Didn't know exactly what happened, but I sure was about to find out. Once that door closed my mom started to scream at me hysterically.
"You are never to answer the phone again" "it's your fault your daddy left"

She was then on the phone with my grandma and aunties yelling and crying. She seemed to cry all night. I must have fallen asleep since our house had a eerie stillness to it in the morning. Once my mom was up she packed a few bags and off to grandma's house we went. The next day she left. My sister and I were there for a week. No one would tell us what was happening. Where are parents were. I'd try calling home and the phone would just ring and ring. My sister and I felt abandoned by both of our parents.

When my mom finally returned to get us she said, we moved. She had managed to have her job transfer her to a location 2 hours south of where we lived with my dad. She had rented a house and moved furniture in.

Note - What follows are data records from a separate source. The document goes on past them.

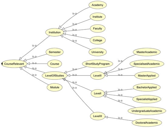 Figure 4 illustrates the key subclasses within the CourseRelevant class. These subclasses were identified by referring to the system of higher education in the Republic of Serbia, as outlined in the Law on Higher Education []. The institution itself (class Institution) plays a crucial role in carrying out activities related to academic education. It implements study programs at different levels, referred to as LevelOfStudies class, following the national classification of study levels within the Serbian educational system []. Study programs are organized into various study modules (Module class). Each course (Course class) attended by students is associated with a specific module within the study program, and each course is offered in a particular semester (Semester class). The subclasses within CourseRelevant provide more detailed implementation, as depicted in Figure 4.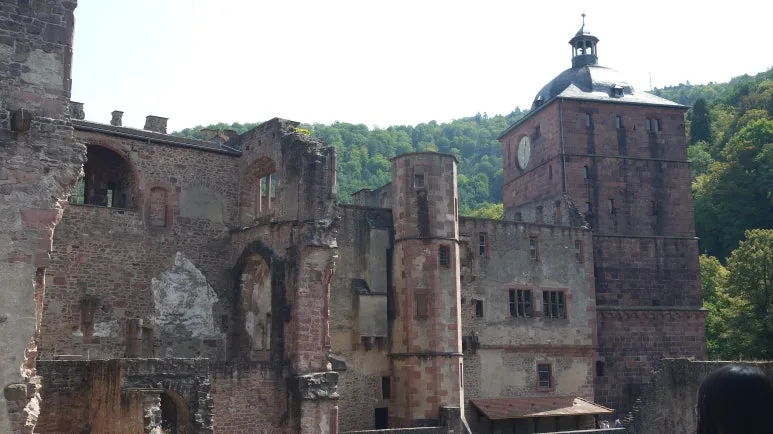 언덕 정상 하이델베르크 성에 도착했다. 과거의 화려함은 온데간데없고 폐허가 된 성의 앙상한 모습만 남아 있었다. 세월의 흐름 속에서 서서히 역사 속으로 잠겨가는 고성의 모습을 보며 잠시 생각에 잠겼다. 시간은 흘러가고 세월의 뒤안길에 역사의 흔적만 남았다.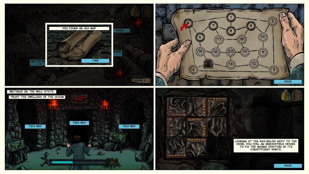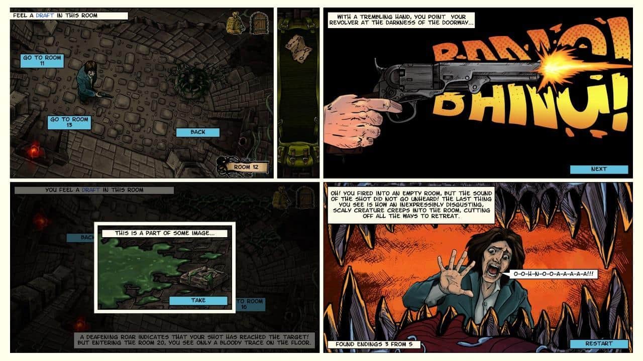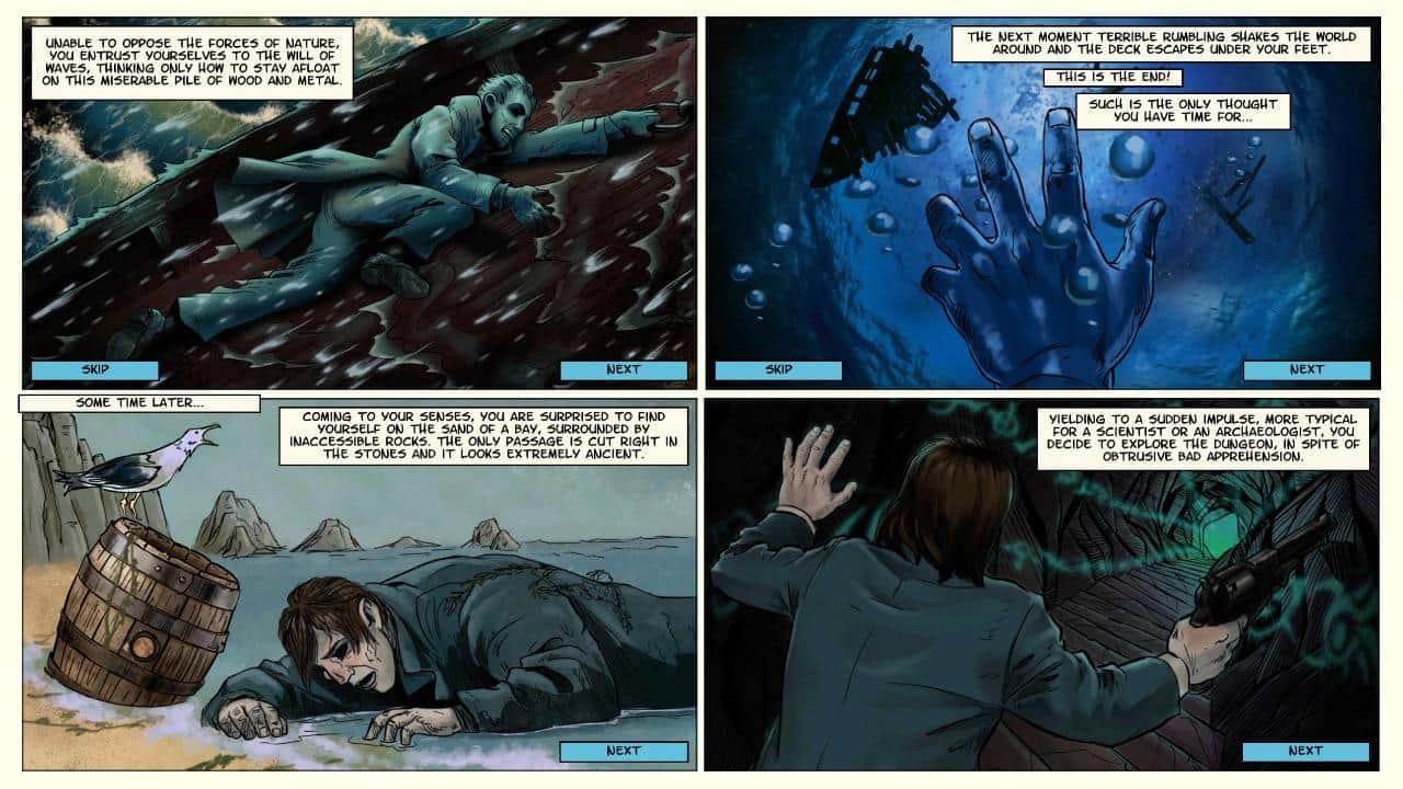 Lovecraft Quest - Bir Komik Oyun - macera oyunu, rol yapma, komik ve etkileşimli komik unsurlarını bir araya getiriyor. Oyunun hikayesi, ünlü korku yazarı Howard Phillips Lovecraft'ın eserlerine dayanmaktadır. Bu nedenle, gizemli bir tapınakta tehlikeli bir yolculuğa çıkacak ve tüm bulmacaları ve sırları çözmeye çalışırken korkunç canavarlara yakalanmamaya çalışacaksınız. Hikayenin gelişimi, eylemleriniz ve aldığınız kararlara bağlı olacaktır.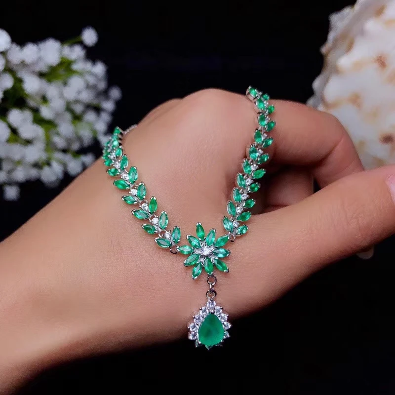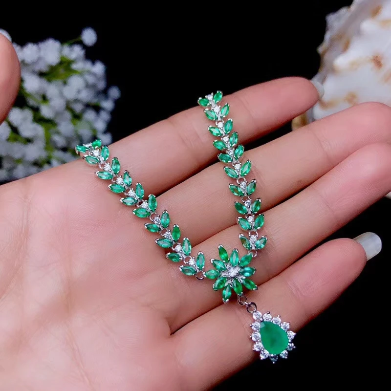 Special Offer KJJEAXCMY غرامة مجوهرات 925 فضة مطعمة الطبيعية الزمرد الإناث قلادة قلادة أنيقة دعم اختبار الساخن بيع Discount 22% Today!
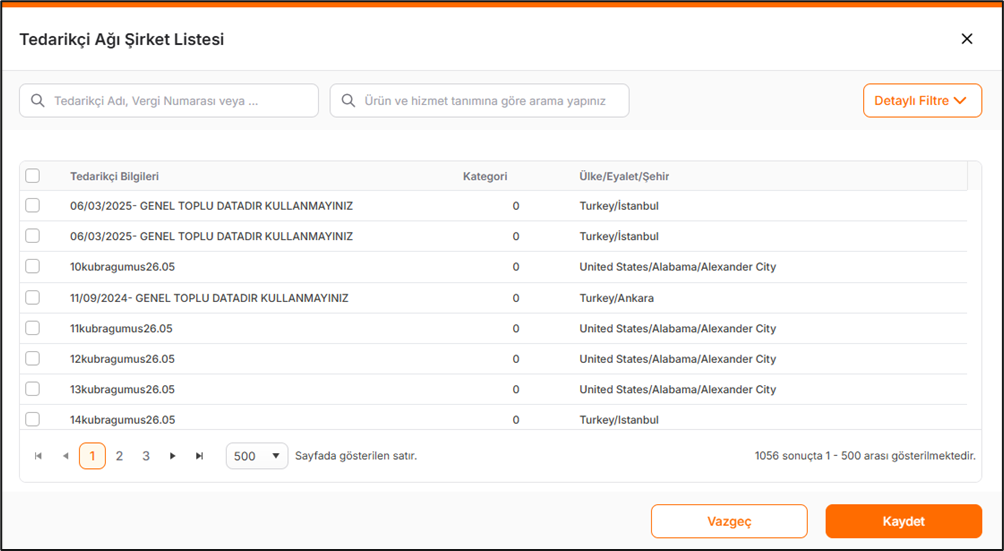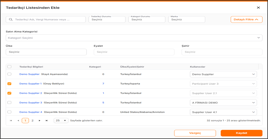 Daha kapsamlı bir filtreleme yapmak için “Detaylı Filtre” butonuna tıklanabilir. Bu seçenek, satın alma kategorisi, ülke, eyalet ve şehir bilgilerine göre listeyi daraltarak arama sonuçlarının daha spesifik hale getirilmesini sağlar.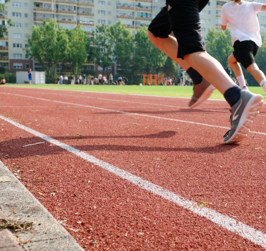 Als Einstieg starteten unsere Siebt- und Neunklässler und stellten sich den Kategorien Weitsprung, Sprint und Weitwurf. Im hohen Bogen flogen die Bälle über den Platz und streiften den grünen Rasen über weite Strecken. Im Weitsprung erklommen sie die Lüfte, bis ihre Schuhe mit Sand gefüllt waren und sie daraus hätten Sandburgen bauen können. Minimalistische Sekunden spiegelten die Dauer der einzelnen Sprints wider. Alle Schüler und Schülerinnen bewiesen ihr Können.

My parents were seperated. My mom was working crazy hours to try & make ends meet. During the week, we had a maid that watched us. I use that term losely as she was an illegal my mom paid her under the table. Since she had no one to watch us on the weekend there was an elderly distant relative she would drop us off with.

We didn't have a choice about this. During this time my dad maybe took me & my sister for the weekend twice. This relative had an older son that lived with her. I'm not entirely sure how old he was but I want to say late 20's. At first he was very nice to us regularly drawing us pictures of Hello Kitty. This was 1980.

After a while just one of us would be in his room. Initially it was no big deal. Then he started to regularly stand me in front of his mirror with him standing behind me. He would rub his hands up & down on my non-existant breast. He would tell me that when I was a women I would enjoy this. Things progressed each weekend that we were there. Finally to the point where he would put his hands all the way down my pants. Now, he would seperate me & my sister as much as possible. I would try to regularly protect her as much as I could. I couldn't image him doing the same to her, but he did.

Weird thing was this went unnoticed. We would BEG our dad to come get us. Would ask to be left home alone. Plus the regular bladder infections. Unnoticed. No, our patents were in their own world. This went on for a year and a half before we moved again.

By the time I was 13 I had finally told my parents about this. Only to have my dad call me a liar. Soon afterwards this man was at a family reunion. I was horrified! My dad wanted to see me explode & go off, I didn't. I spent the day sitting in a corner with a fever & throwing up from being so upset. I failed to react the way my dad expected. Therefore according to him, I was never molested and I had lied in his eyes.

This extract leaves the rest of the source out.